[WHAT THE TASK REQUIRES]:
Reproduce the entries word for word but drop every picture.

==== MATERIAL SHOWN

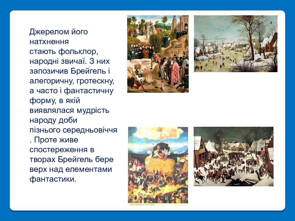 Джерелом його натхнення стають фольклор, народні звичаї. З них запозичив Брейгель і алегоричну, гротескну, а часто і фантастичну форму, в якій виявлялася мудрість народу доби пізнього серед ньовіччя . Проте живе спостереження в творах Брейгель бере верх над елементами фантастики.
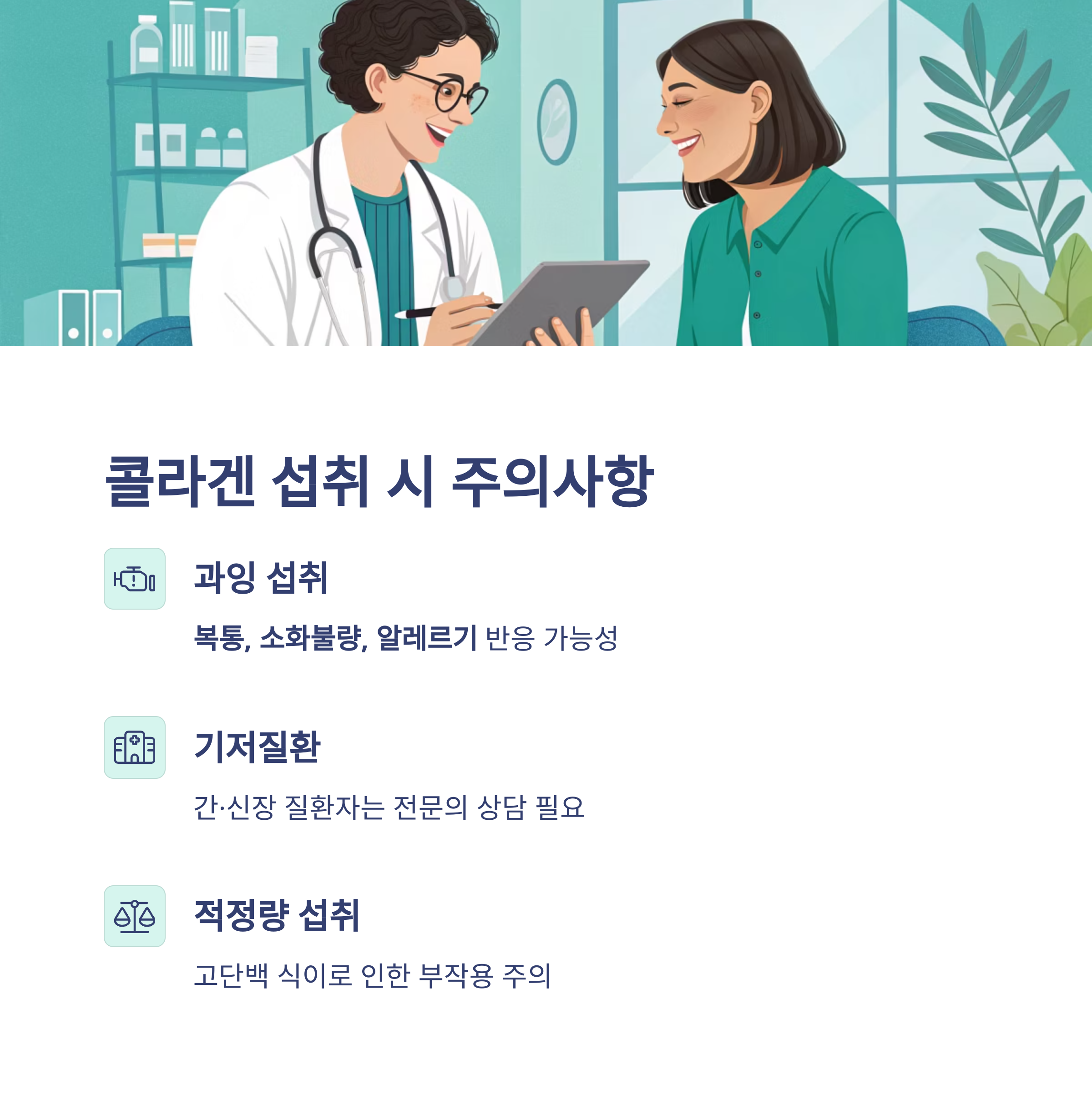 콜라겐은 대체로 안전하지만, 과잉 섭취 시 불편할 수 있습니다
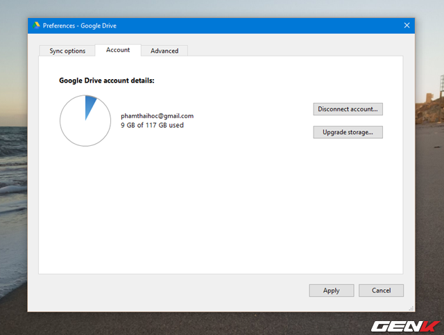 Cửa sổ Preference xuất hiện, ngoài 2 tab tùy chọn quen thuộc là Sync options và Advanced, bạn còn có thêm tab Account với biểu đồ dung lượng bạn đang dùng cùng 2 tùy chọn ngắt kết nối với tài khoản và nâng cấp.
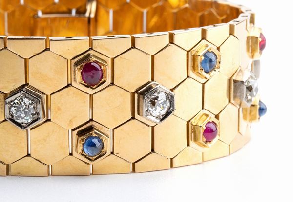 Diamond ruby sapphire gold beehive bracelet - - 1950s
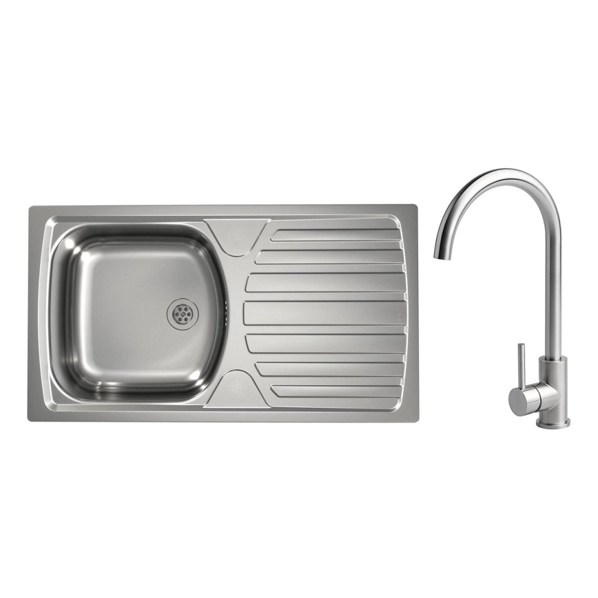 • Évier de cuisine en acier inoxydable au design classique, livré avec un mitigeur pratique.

========

[TASK ANSWER]:
 Джерелом його натхнення стають фольклор, народні звичаї. З них запозичив Брейгель і алегоричну, гротескну, а часто і фантастичну форму, в якій виявлялася мудрість народу доби пізнього серед ньовіччя . Проте живе спостереження в творах Брейгель бере верх над елементами фантастики.
 콜라겐은 대체로 안전하지만, 과잉 섭취 시 불편할 수 있습니다
 Cửa sổ Preference xuất hiện, ngoài 2 tab tùy chọn quen thuộc là Sync options và Advanced, bạn còn có thêm tab Account với biểu đồ dung lượng bạn đang dùng cùng 2 tùy chọn ngắt kết nối với tài khoản và nâng cấp.
 Diamond ruby sapphire gold beehive bracelet - - 1950s
 • Évier de cuisine en acier inoxydable au design classique, livré avec un mitigeur pratique.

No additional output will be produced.